* [What you have to do] Please repeat exactly, and only, the lines from the one containing "Según los datos" through the end of the records below, with no pictures.

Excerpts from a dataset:

--------

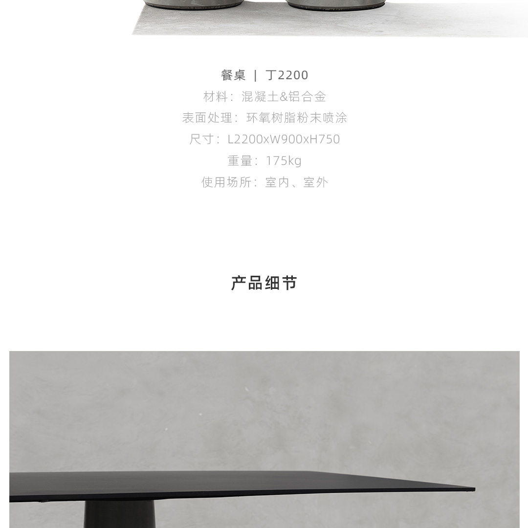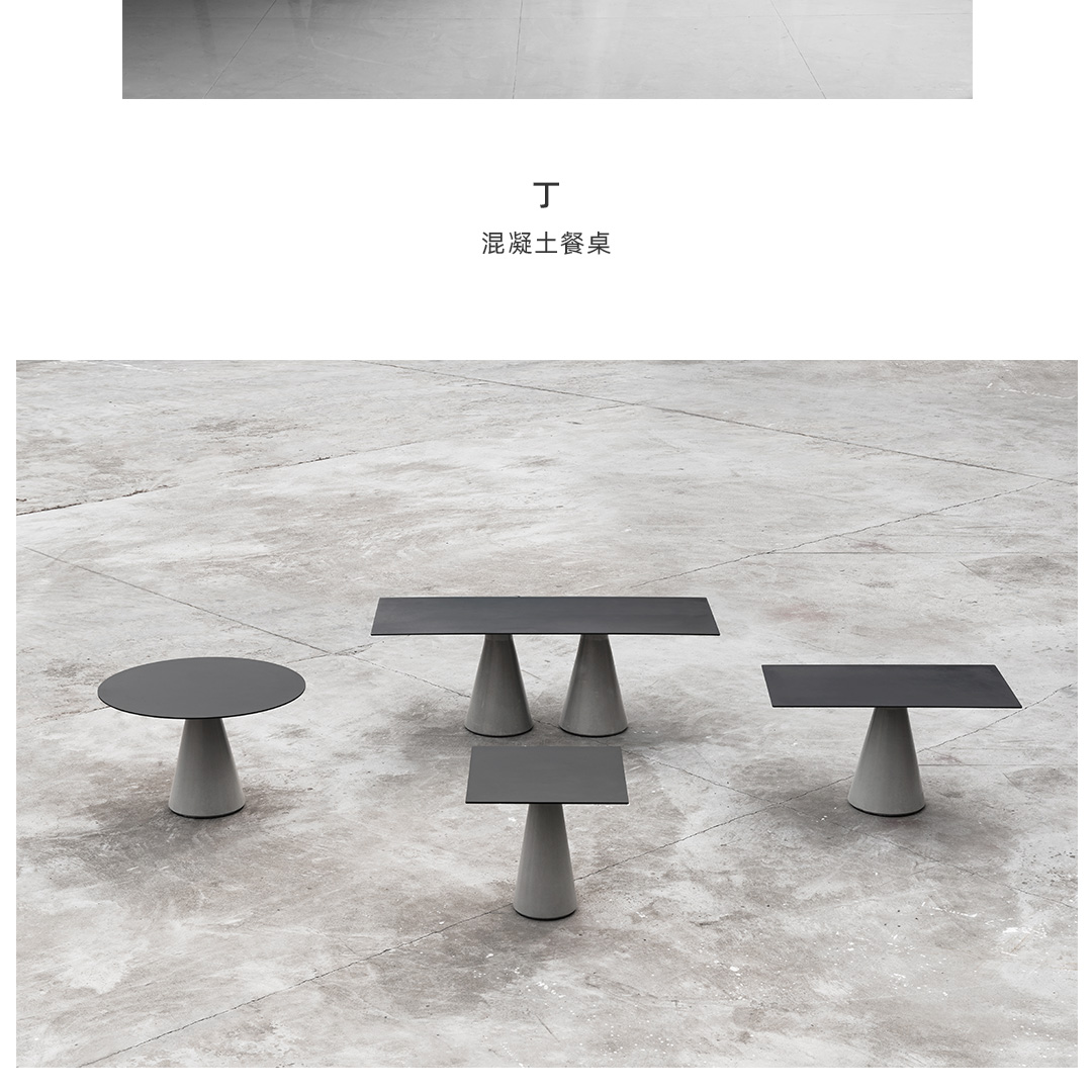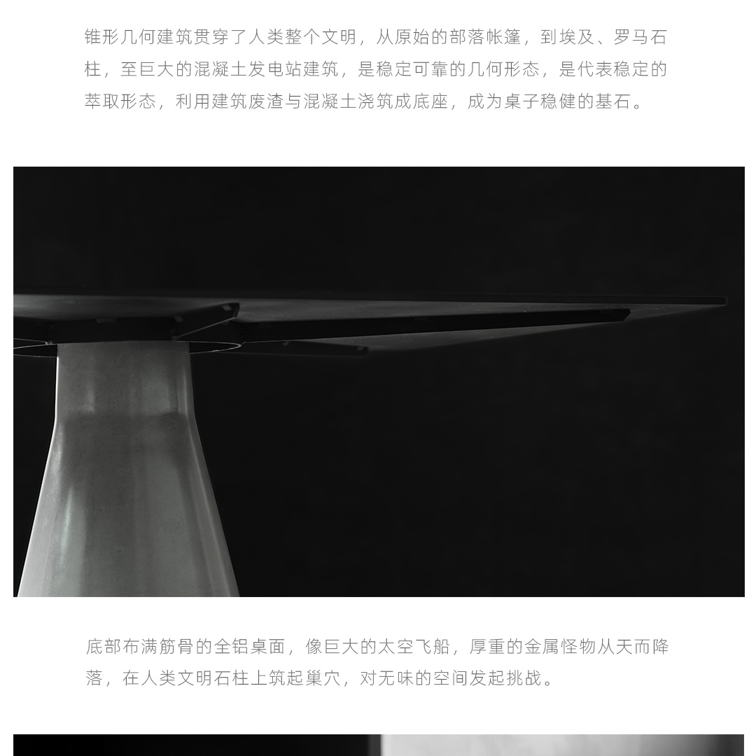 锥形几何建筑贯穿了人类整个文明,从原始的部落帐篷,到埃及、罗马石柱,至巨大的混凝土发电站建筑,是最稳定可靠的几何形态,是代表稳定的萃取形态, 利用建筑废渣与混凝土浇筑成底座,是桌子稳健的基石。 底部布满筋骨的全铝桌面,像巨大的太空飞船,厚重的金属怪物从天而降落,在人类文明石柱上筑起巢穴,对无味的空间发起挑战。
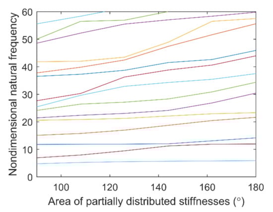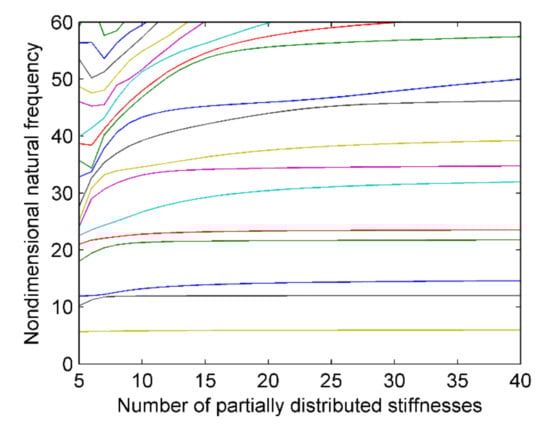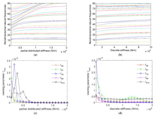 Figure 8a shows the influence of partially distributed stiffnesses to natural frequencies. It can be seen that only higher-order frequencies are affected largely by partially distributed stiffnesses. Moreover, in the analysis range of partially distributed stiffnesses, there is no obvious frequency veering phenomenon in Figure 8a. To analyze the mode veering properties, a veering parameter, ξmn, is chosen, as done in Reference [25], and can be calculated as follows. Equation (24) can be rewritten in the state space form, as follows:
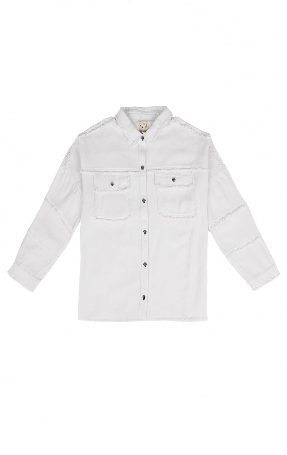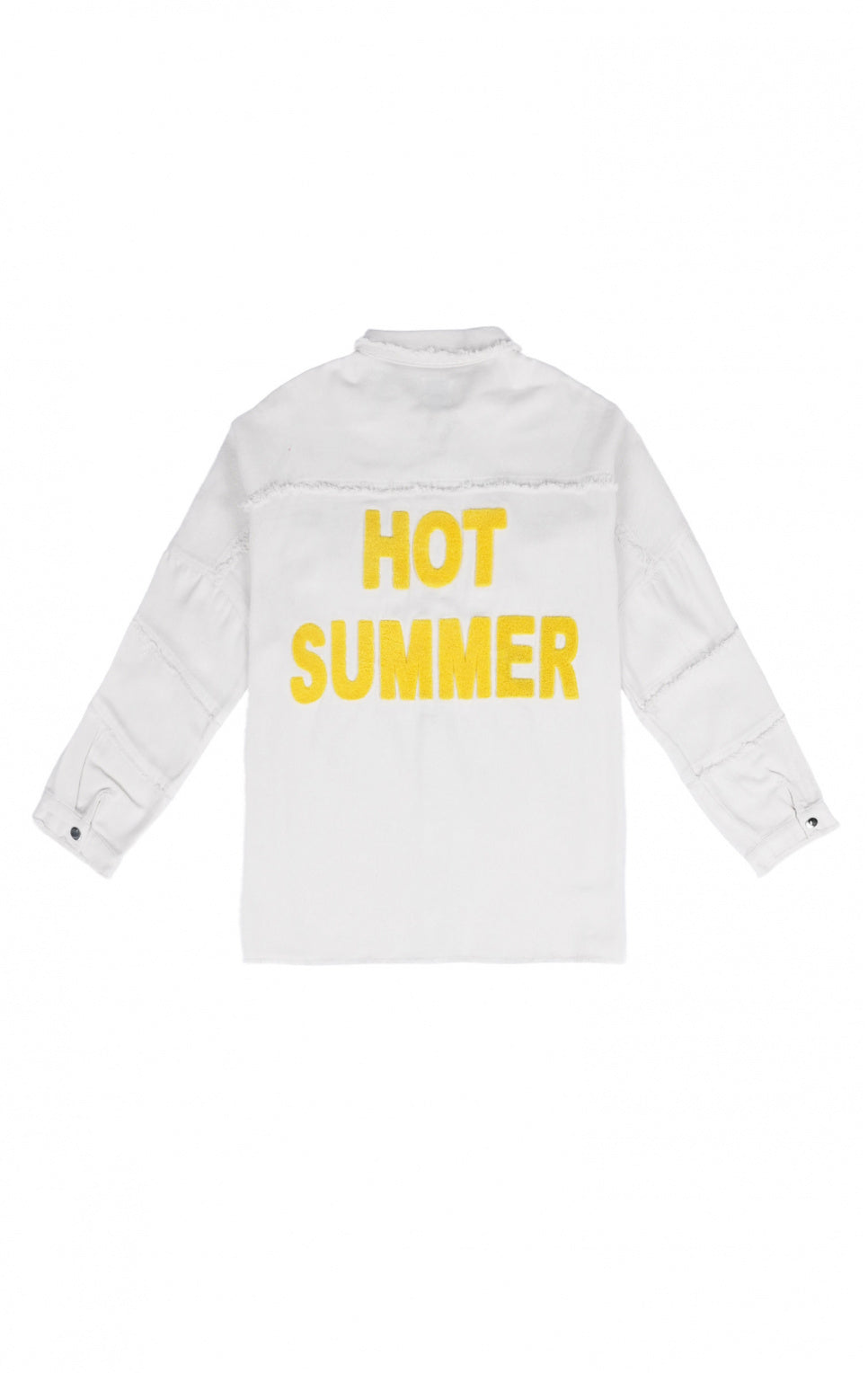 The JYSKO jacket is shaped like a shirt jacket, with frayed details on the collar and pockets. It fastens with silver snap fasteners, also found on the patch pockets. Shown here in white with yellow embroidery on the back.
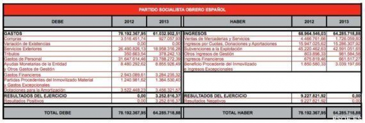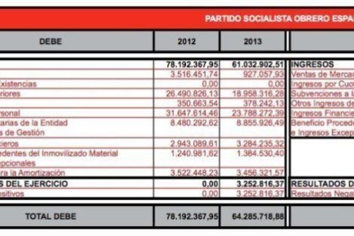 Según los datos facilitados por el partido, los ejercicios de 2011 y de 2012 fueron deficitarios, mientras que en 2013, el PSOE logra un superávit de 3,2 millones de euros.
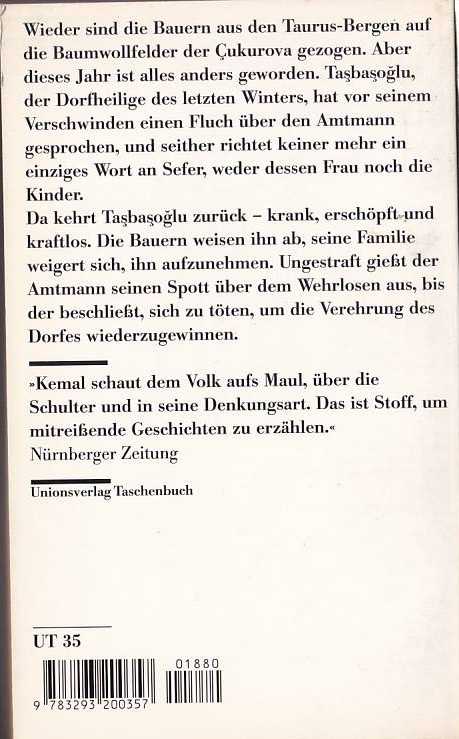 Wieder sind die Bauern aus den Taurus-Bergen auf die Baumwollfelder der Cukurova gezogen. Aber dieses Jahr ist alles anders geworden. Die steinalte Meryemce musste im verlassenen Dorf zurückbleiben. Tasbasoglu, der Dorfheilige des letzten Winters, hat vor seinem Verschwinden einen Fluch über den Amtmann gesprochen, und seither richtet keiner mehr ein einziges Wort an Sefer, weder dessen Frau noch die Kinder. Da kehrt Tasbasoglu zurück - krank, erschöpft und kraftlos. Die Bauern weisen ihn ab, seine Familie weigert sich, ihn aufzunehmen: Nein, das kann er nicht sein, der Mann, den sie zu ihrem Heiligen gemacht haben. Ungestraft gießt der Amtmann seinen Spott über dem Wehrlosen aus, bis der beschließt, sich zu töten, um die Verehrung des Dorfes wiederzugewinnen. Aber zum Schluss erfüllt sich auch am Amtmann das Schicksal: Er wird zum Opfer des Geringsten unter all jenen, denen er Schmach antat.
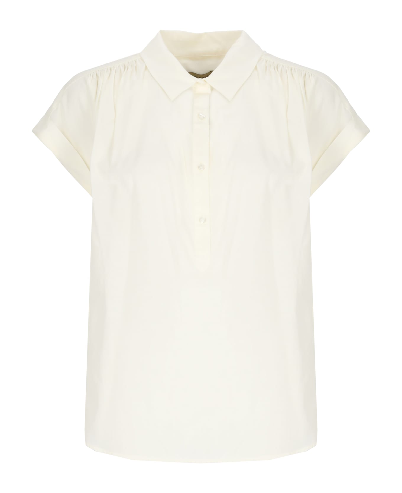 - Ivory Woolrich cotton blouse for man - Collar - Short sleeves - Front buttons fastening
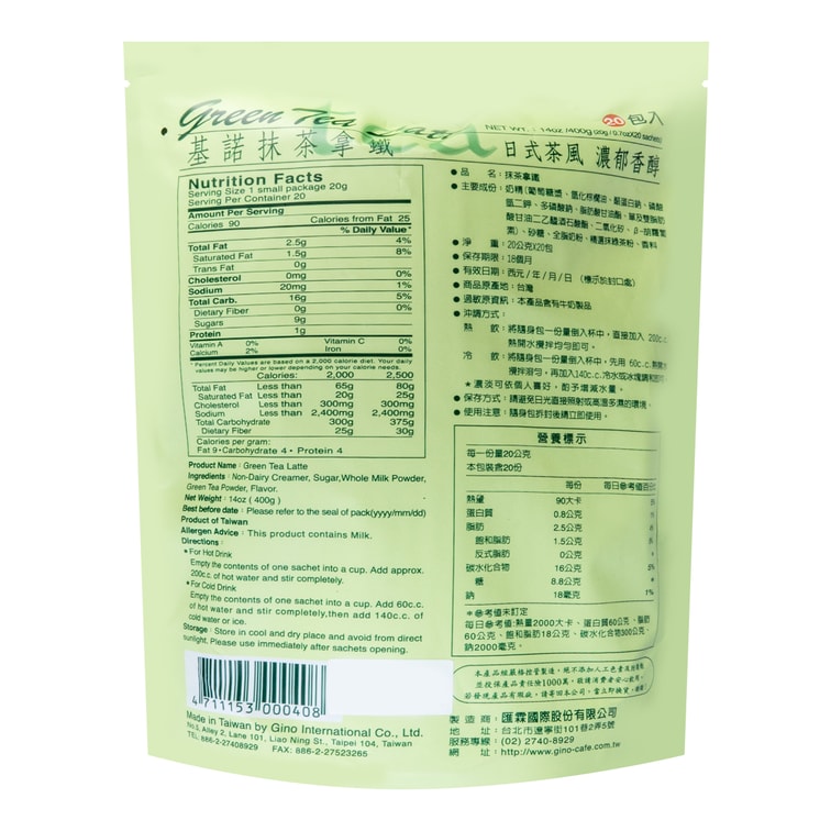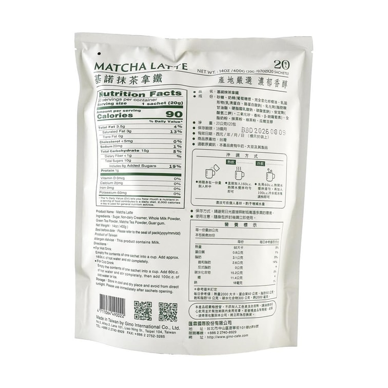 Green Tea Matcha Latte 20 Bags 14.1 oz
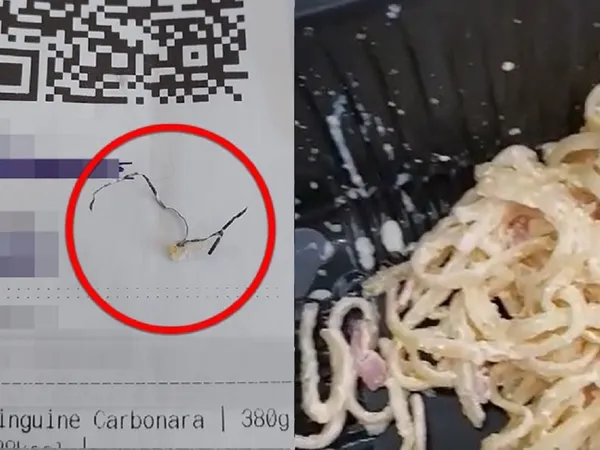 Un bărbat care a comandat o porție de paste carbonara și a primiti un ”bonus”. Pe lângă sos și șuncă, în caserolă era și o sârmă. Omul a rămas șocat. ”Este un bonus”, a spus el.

--------

* [Exercise result]
 Según los datos facilitados por el partido, los ejercicios de 2011 y de 2012 fueron deficitarios, mientras que en 2013, el PSOE logra un superávit de 3,2 millones de euros.
 Wieder sind die Bauern aus den Taurus-Bergen auf die Baumwollfelder der Cukurova gezogen. Aber dieses Jahr ist alles anders geworden. Die steinalte Meryemce musste im verlassenen Dorf zurückbleiben. Tasbasoglu, der Dorfheilige des letzten Winters, hat vor seinem Verschwinden einen Fluch über den Amtmann gesprochen, und seither richtet keiner mehr ein einziges Wort an Sefer, weder dessen Frau noch die Kinder. Da kehrt Tasbasoglu zurück - krank, erschöpft und kraftlos. Die Bauern weisen ihn ab, seine Familie weigert sich, ihn aufzunehmen: Nein, das kann er nicht sein, der Mann, den sie zu ihrem Heiligen gemacht haben. Ungestraft gießt der Amtmann seinen Spott über dem Wehrlosen aus, bis der beschließt, sich zu töten, um die Verehrung des Dorfes wiederzugewinnen. Aber zum Schluss erfüllt sich auch am Amtmann das Schicksal: Er wird zum Opfer des Geringsten unter all jenen, denen er Schmach antat.
 - Ivory Woolrich cotton blouse for man - Collar - Short sleeves - Front buttons fastening
 Green Tea Matcha Latte 20 Bags 14.1 oz
 Un bărbat care a comandat o porție de paste carbonara și a primiti un ”bonus”. Pe lângă sos și șuncă, în caserolă era și o sârmă. Omul a rămas șocat. ”Este un bonus”, a spus el.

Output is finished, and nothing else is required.